Warning: jsMath requires JavaScript to process the mathematics on this page.
If your browser supports JavaScript, be sure it is enabled.

§6: Golfgedrag van materie 3

Applet: Tunneling


De opdracht

Let op: schrijf de antwoorden op de vragen op in je schrift of op het stencil dat je aan het begin van de les hebt gekregen

Quantumtunnelen

Om quantumtunnelen begrijpelijk te maken is het handig om de vergelijking te maken met een alledaags voorbeeld. Een eenvoudig voorbeeld is een knikker die met een bepaalde snelheid een berg nadert. Omdat de knikker snelheid heeft, bezit de knikker kinetische energie. We veronderstellen dat de knikker een kinetische energie heeft van 4,0 kJ. De knikker behoudt zijn kinetische energie totdat de knikker zich op de berg bevindt, omdat de wrijvingskrachten worden verwaarloosd.

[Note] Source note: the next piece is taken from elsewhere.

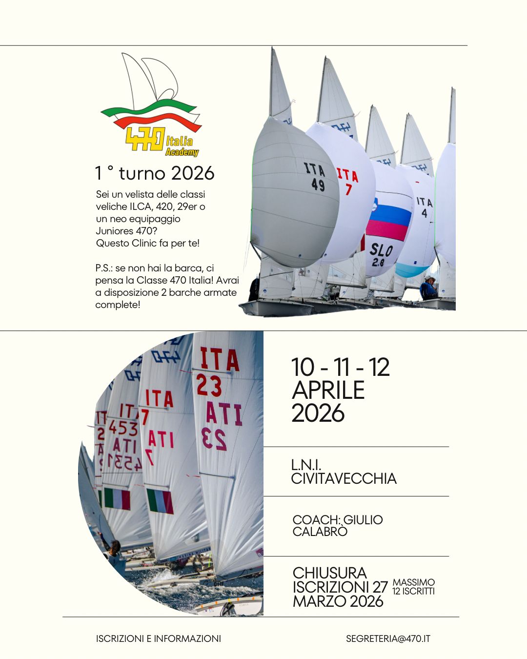 Il primo turno della 470 Academy si terrà dal 10 al 12 aprile presso la Lega Navale Italiana – Sezione di Civitavecchia, con Giulio Calabrò come coach. Gli iscritti che intendono partecipare con la propria barca potranno portarla al circolo già dalla settimana precedente l’inizio dell’evento.
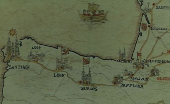 Today, Chèvrefeuille has told us a little more about the history of the Pilgrimage, particularly about how Christians in the first millennium walked three sacred routes, each offering a series of blessings and indulgences. The first led to the tomb of Saint Peter in Rome and its travelers, who were called wanderers, took the cross as their symbol. The second led to the Holy Sepulcher of Christ in Jerusalem; those who took this road were called Palmists, since they had as their symbol the palm branches with which Jesus was greeted when he entered that city. A third road led to the mortal remains of the apostle, San Tiago and its travelers were called pilgrims; their symbol was the scallop shell. In the fourteenth century, the Milky Way – another name for the third road, since at night the pilgrims plotted their course using this galaxy – was traveled each year by more than a million people from every corner of Europe. Even today, mystics, devotees, and researchers traverse on foot the seven hundred kilometers that separate the French city of Saint-Jean-Pied-de-Port from the cathedral of Santiago de Compostela in Spain.

Als de knikker zich op de berg bevindt wordt de kinetische energie van de knikker omgezet in potentiële energie (zwaarte-energie). Er zijn nu in de klassieke natuurkunde drie situaties te onderscheiden:

  1. De berg is niet hoog genoeg om de knikker tot stilstand te brengen
  2. De berg is precies de hoogte waarop de knikker tot stilstand komt
  3. De berg is hoger dan de hoogte waarop de knikker tot stilstand komt

In situatie 1 zal de knikker ongestoord over de berg heen bewegen en uiteindelijk als hij zich weer op oorspronkelijke hoogte bevindt, met dezelfde snelheid bewegen. In situatie 2 en 3 zal de knikker uiteindelijk nooit over de top van de berg gaan en weer teruggaan in de richting waar de knikker vandaan kwam. In de figuur hieronder staat een schematische weergave van de beschreven situatie.

Figuur 1

In de quantumwereld is er geen echte berg, maar zorgen de krachten op een elektron voor een barrière. Bij een klassieke situatie zien we dat een deeltje ongestoord verder gaat als de energie van dat deeltje groter is dan de energie van de barrière. Als de energie van het deeltje lager is dan de energie van de barrière dan wordt het deeltje teruggekaatst. Maar in de quantummechanica geldt deze situatie niet altijd. Als elektronen met een te lage energie een barrière treffen dan kunnen elektronen de barrière in sommige situaties toch passeren. Dit effect noemen we quantumtunnelen.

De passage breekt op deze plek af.